In the front end of the building, and extending over the library, is a large room intended
originally and used for a time as the phonograph music-hall for record-making, but now
used only as an experimental- room for phonograph work, as the growth of the industry
has necessitated a very much larger and more central place where records can be made on
a commercial scale. Even the experimental work imposes no slight burden on it. On each
side of the hallway above mentioned, rooms are partitioned off and used for experimental
work of various kinds, mostly phonographic, although on this floor are also located the
storage-battery testing-room, a chemical and physical room and Edison's private office,
where all his personal correspondence and business affairs are conducted by his personal
secretary, Mr. H. F. Miller.
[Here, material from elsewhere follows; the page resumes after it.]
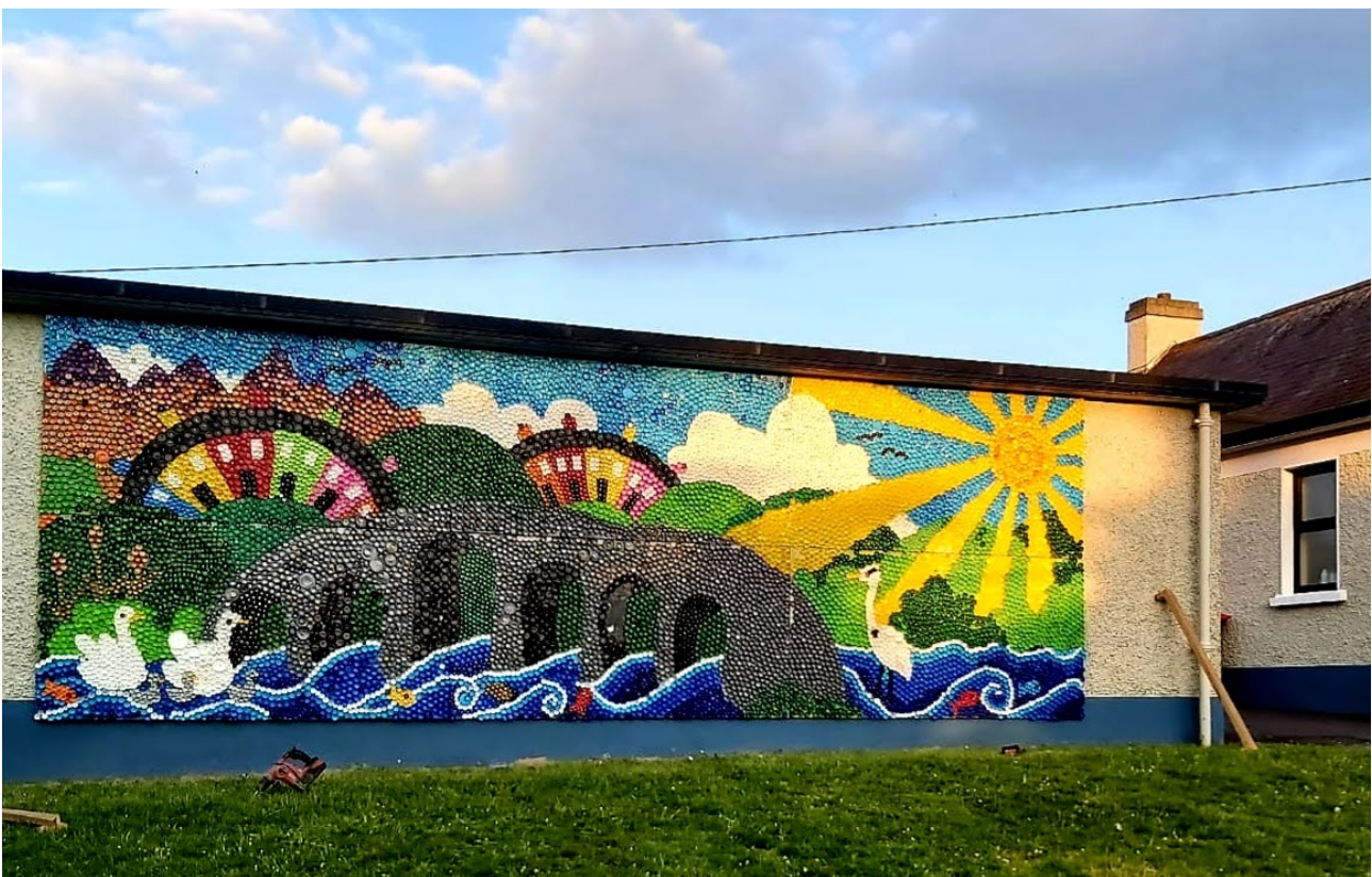
Image of the day - Lockdown mural from 12K+ bottle tops by Ballymoney school Cork

A visitor to this upper floor of the laboratory building cannot
but be impressed with a consciousness of the incessant efforts that are being made to
improve the reproducing qualities of the phonograph, as he hears from all sides the
sounds of vocal and instrumental music constantly varying in volume and timbre, due to
changes in the experimental devices under trial.
The traditions of the laboratory include cots placed in many of the rooms of these upper
floors, but that was in the earlier years when the strenuous scenes of Menlo Park were
repeated in the new quarters. Edison and his closest associates were accustomed to carry
their labors far into the wee sma' hours, and when physical nature demanded a respite
from work, a short rest would be obtained by going to bed on a cot. One would naturally
think that the wear and tear of this intense application, day after day and night after night,
would have tended to induce a heaviness and gravity of demeanor in these busy men; but
on the contrary, the old spirit of good- humor and prankishness was ever present, as its
fre- quent outbursts manifested from time to time. One instance will serve as an
illustration. One morning, about 2.30, the late Charles Batchelor announced that he was
tired and would go to bed. Leaving Edison and the others busily working, he went out
and returned quietly in slippered feet, with his nightgown on, the handle of a feather
duster stuck down his back with the feathers waving over his head, and his face marked.
With unearthly howls and shrieks, a l'Indien, he pranced about the room, incidentally
giving Edison a scare that made him jump up from his work. He saw the joke quickly,
however, and joined in the general merriment caused by this prank.